Supplementary Material
Immunohistochemically stained tissues demonstrating the distribution of CSPGs in the spinal cord at 8 weeks post-trauma. Sections were taken from the injured site (+0 mm) and 3 and 5 mm rostral (+) and caudal (-) to the epicenter. The images were captured using an inverted Olympus IX71 microscope (magnification, x400). Following MP+TT combination therapy, the expression of CSPGs was lower compared with the use of MP alone. MP, methylprednisolone; TT, treadmill training; SCI, spinal cord injury.
Immunohistochemically stained tissues demonstrating the distribution of NgR in the spinal cord at 8 weeks post-trauma. Sections were taken from the injured site (+0 mm) and 3 and 5 mm rostral (+) and caudal (-) to the epicenter. The images were captured using an inverted Olympus IX71 microscope (magnification, x400). The expression of NgR in the MP + TT group significantly lower compared with the MP group. MP, methylprednisolone; TT, treadmill training; SCI, spinal cord injury.
Acknowledgements
Not applicable.
Funding
The present study was supported by the National Natural Science Foundation of China (grant no. 30960448); the Natural Science Foundation of Jiangxi Province (grant no. 20142BAB205023) and the China Scholarship Council (grant no. 201908360006).

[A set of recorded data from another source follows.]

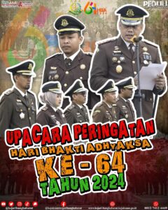 Senin, 22 Juli 2024 , Kejaksaan Negeri Bangka Barat melaksanakan upacara peringatan Hari Bhakti adhyaksa ke 64 tahun 2024 yang...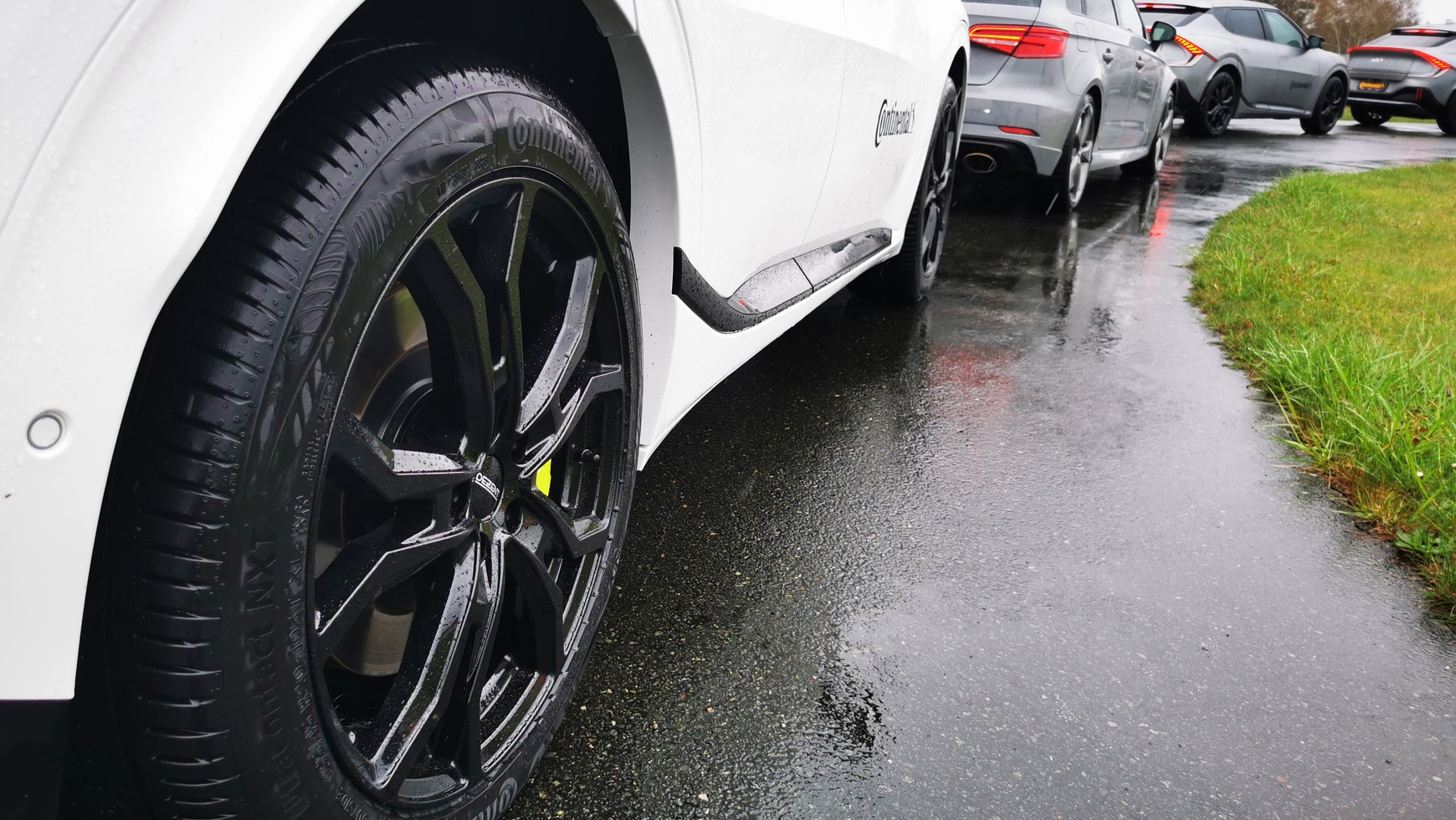 Na torze Contidrom nieopodal Hanoweru wsiadamy do samochodów testowych obutych w nowe opony UltraContact NXT. Pada deszcz, ale to chwilowo bez znaczenia, testy i tak mają odbywać się na mokrym, sztucznie zraszanym, krętym torze. Samochody to auta o dużej masie i wybitnych osiągach: napęd Kii EV6 GT ma moc 585 KM i 740 Nm momentu obrotowego – jakieś trzy-cztery razy więcej niż ma pod maską przeciętny samochód jeżdżący po polskich drogach. Kia EV6 GT osiąga setkę w 3,5 sekundy.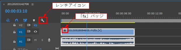 ①ビデオトラックのクリップに「fx」バッジが非表示の場合は、レンチアイコンをクリックし開いたメニューから「FXバッジを表示」を選択し、クリップの「fx」バッジを表示します。
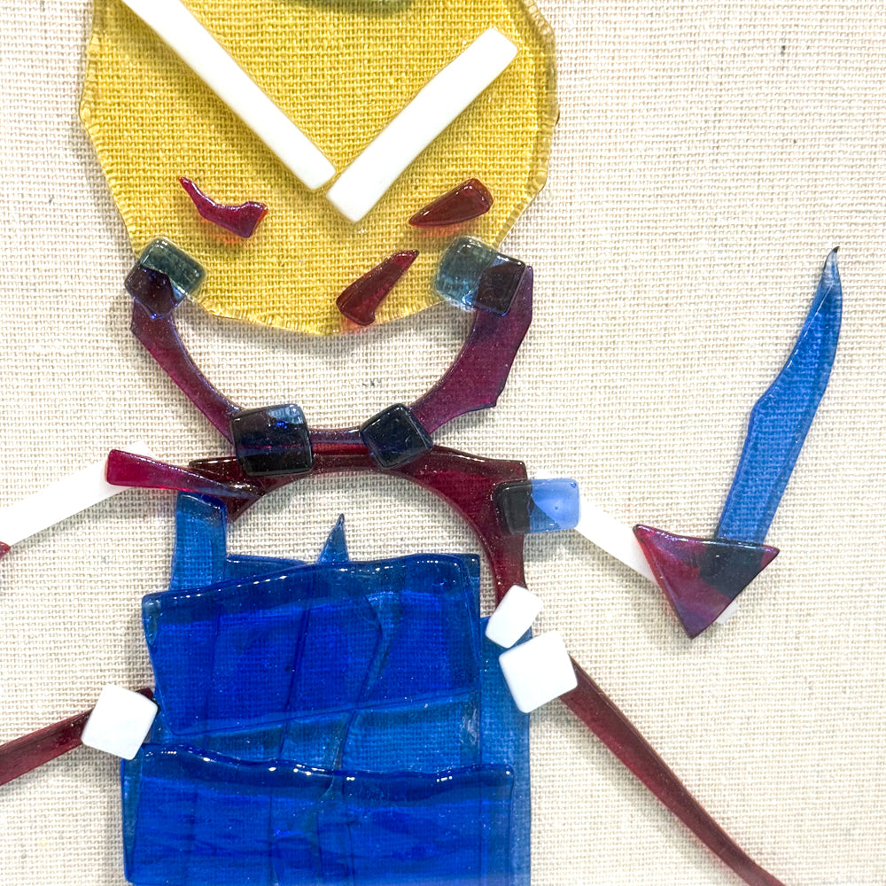 Glass Beetle by Macko Matlen is a colorful glass sculpture mounted inside a frame. The beetle is built from carefully placed pieces of glass in blue, red, yellow, and white. Each part of the beetle’s body is shaped with bold colors and sharp lines, giving it a strong and playful look.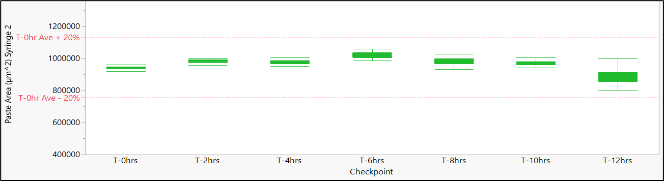 结论:经过连续12小时的点胶操作,图案面积始终保持在规格范围内。此外,整个过程中未出现点胶头堵塞的问题,确保了持续作业的稳定性和效率。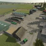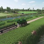 4x Karte in Brandenburg (NW von Rhinow). Reales Gelände, fiktive Dörfer und Straßen (keine 1:1-Nachbildung). 112 Felder (1,4–53 ha), Waldgebiete, mehrere Bauernhöfe sowie integrierte und frei platzierbare Produktionsanlagen. Feldwege und Straßen können über Farmland 113 erworben werden. Modder: FrankSt
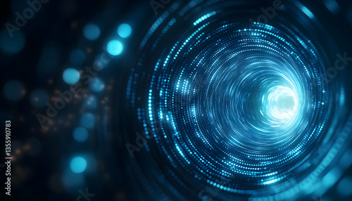 Wall mural abstract digital tunnel with glowing particles, creating an immersive futuristic atmosphere, ideal f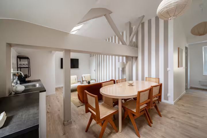 The kitchen and bathrooms are equipped with everything you need for your comfort. An incomparable experience in the heart of Paris.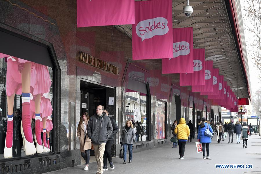 Pedestrians pass by a shop window in Paris, France, on Jan. 10, 2019. The traditional discount season kicked off on Wednesday and will last till Feb. 19. (Xinhua/Jack Chan)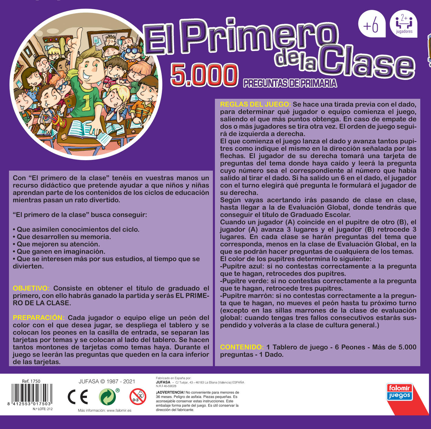 Ahorre un 2,00 €Avanza por el tablero de juego de pupitre en pupitre, contestando a las diferentes preguntas para llegar a la prueba final y conseguir el graduado escolar. Con 5000 preguntas de primaria. VENTA SOLO EN CANARIAS (ARCHIPIELAGO CANARIO - PROVINCIA LAS PALMAS Y SANTA CRUZ DE TENERIFE)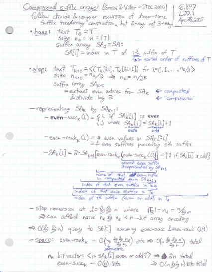 Lecture 22: Succinct data structures: compact suffix arrays and trees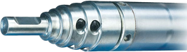 Used for horizontal bore jobs. Allied underground piercing underground boring and pipe pushing/pulling missle tools are the most efficient, least expensive method for underground pipe or service placement in construction and installation work. Pneumatic Hole Hog missiles open clean, compacted, self contained tunnels for pipes, cables, conduits, or wiring at the lowest cost per foot. Hole Hogs eliminate the need to break pavement or disturb landscaping from trenching or open cuts. There's no reason to disrupt traffic by tearing up and restoring asphalt or concrete or callbacks for settling backfilled trenches. Hole Hogs break through the ground while horizontal boring under roads, driveways sidewalks, parking lots, runways, foundations, or virtually any obstacle. Also known as a pneumatic gopher or under driveway boring machine. Used for trenchless boring. Sometimes called tool to drill under driveway or small boring machine.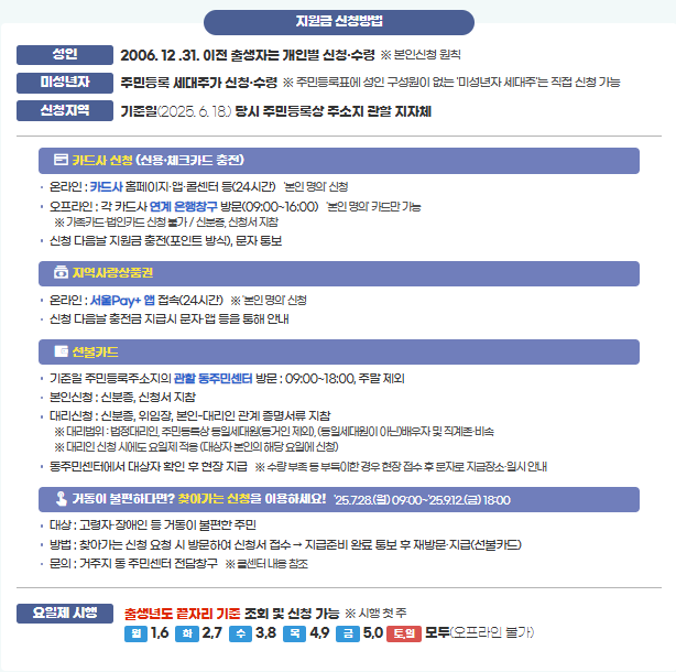 • 온라인 신청: 카드사, 간편결제앱, 지역상품권앱에서 보호자 명의로 가능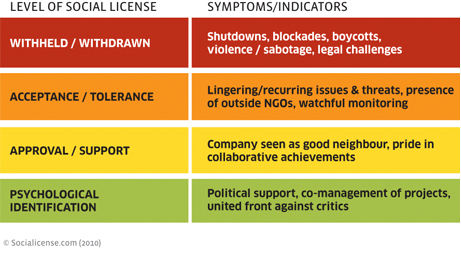 Más de quince años de investigación y experiencia han permitido reconocer que los componentes normativos de la licencia social comprenden las percepciones de la comunidad / las partes interesadas de la legitimidad y credibilidad social del proyecto, y la presencia o ausencia de verdadera confianza.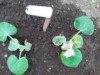 The two Montsma plants in the ground. The one on the left is the front runner at this point. I am a little disappointed with the lack of vigor at this point but I think that can probably be attributed to the soil being two wet. Now that they are in the ground hopefully I can get things evened out and the roots can move out into the patch.
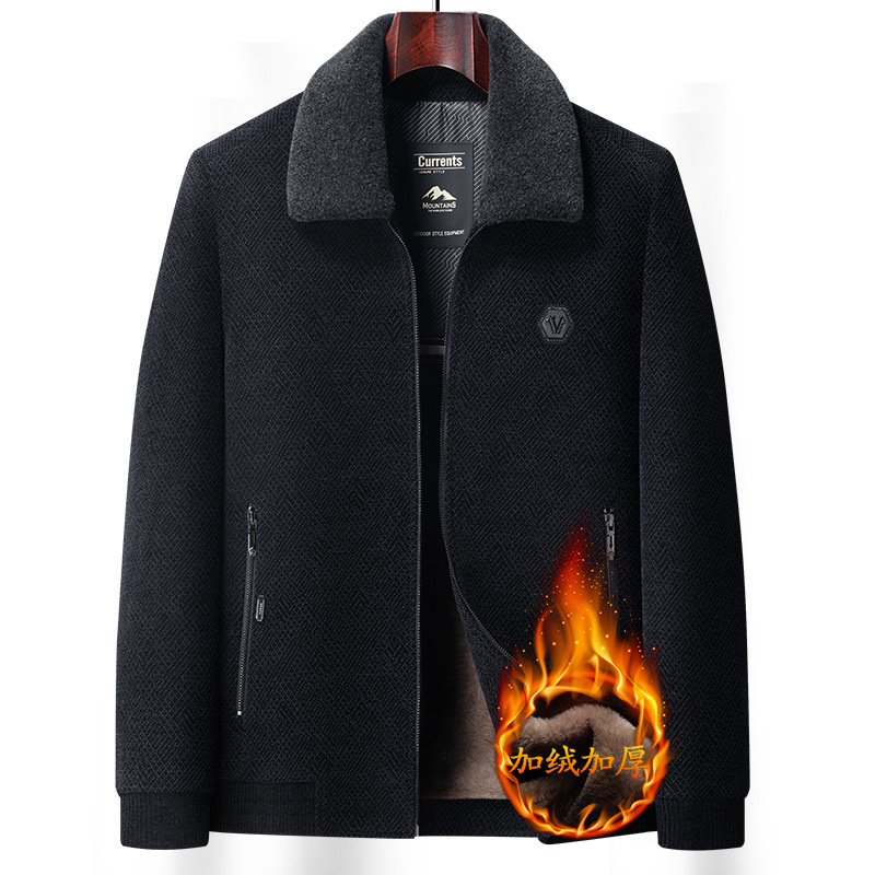 冬季雪尼尔外套中老年人翻领夹克加绒棉衣爸爸爷爷装休闲呢子上衣

Availability of data and materials
The datasets used and/or analyzed during the current study are available from the corresponding author on reasonable request.
Authors' contributions
BG designed the study. SW and HX performed the experiments. JL and HL analyzed the data. JL and BG wrote the manuscript. BG and JL confirm the authenticity of all the raw data All authors read and approved the final manuscript.
Ethics approval and consent to participate
The study protocol was approved by the Animal Ethics Committee of Jiangxi University (approval no. A20150107). The experimental procedure followed the United States National Institutes of Health Guide for the Care and Use of Laboratory Animals (NIH publication no. 85-23, revised 1986).
Patient consent for publication
Not applicable.
Competing interests
The authors declare that they have no competing interests.